The Input File#
The input file is split into four command blocks: [SETTINGS], [TRAJECTORY], [ZMATRIX], and [GRAPH]. Each of these command blocks contains a set of commands that perform different functions in constructing the graph. Their specific functions and corresponding input file commands are described on their respective pages.
When running ChemNetworks, the input file is passed into the executable using the -i CLI argument. For example:
Below is a description of the formatting of the input file itself: how the file is formatted, how command blocks and individual commands are defined and set, and some other common conventions used often in various input file commands.
Input File Format#
The input file is a plain text file with the (optional) .cn extension. Lines beginning with # are treated as
comments and ignored. The # character does not do any mid-line commenting, so SOME = thing # comment is interpreted
as having three parameters, not one. Blank lines are also ignored.
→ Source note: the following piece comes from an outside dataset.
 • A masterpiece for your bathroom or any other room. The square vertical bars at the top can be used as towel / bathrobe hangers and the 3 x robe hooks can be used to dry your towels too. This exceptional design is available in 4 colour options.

The file is organized into blocks, each beginning
with a block header and containing a set of command definitions.
Block Headers#
A block header is a line containing a name enclosed in square brackets. Block names are case-sensitive and uppercase.
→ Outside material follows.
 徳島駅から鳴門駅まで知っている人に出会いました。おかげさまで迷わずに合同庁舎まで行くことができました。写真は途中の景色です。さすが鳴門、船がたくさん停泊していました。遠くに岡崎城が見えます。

[TRAJECTORY], [ZMATRIX], and [GRAPH] blocks can appear multiple times. Each instance must begin with a
NAME command as its first entry to uniquely identify it. [SETTINGS] appears once and does not require a NAME
command.
Blocks may appear in any order in the file. They are processed in the order they appear.
Dot notation can be used in the block header to address a sub-level of a command block. For example, [GRAPH.WRITE] is
equivalent to placing WRITE.* commands directly under [GRAPH]. Internally, the two forms produce the same
command paths. A NAME command is not required when re-entering a block this way. For example, the below code block
demonstrates calling the GRAPH.WRITE.EDGES command twice, the second time using the sub-block format.
Command Definitions#
Commands use a KEY = VALUE format, one per line. Leading and trailing whitespace is trimmed from both the key and
value. The = sign is required.
Dot-delimited keys group related commands hierarchically. For example, WRITE.EDGES and WRITE.EDGES.ATTRIBUTES.EDGES
share a common prefix. This is the same mechanism that makes sub-block headers like [GRAPH.WRITE] work.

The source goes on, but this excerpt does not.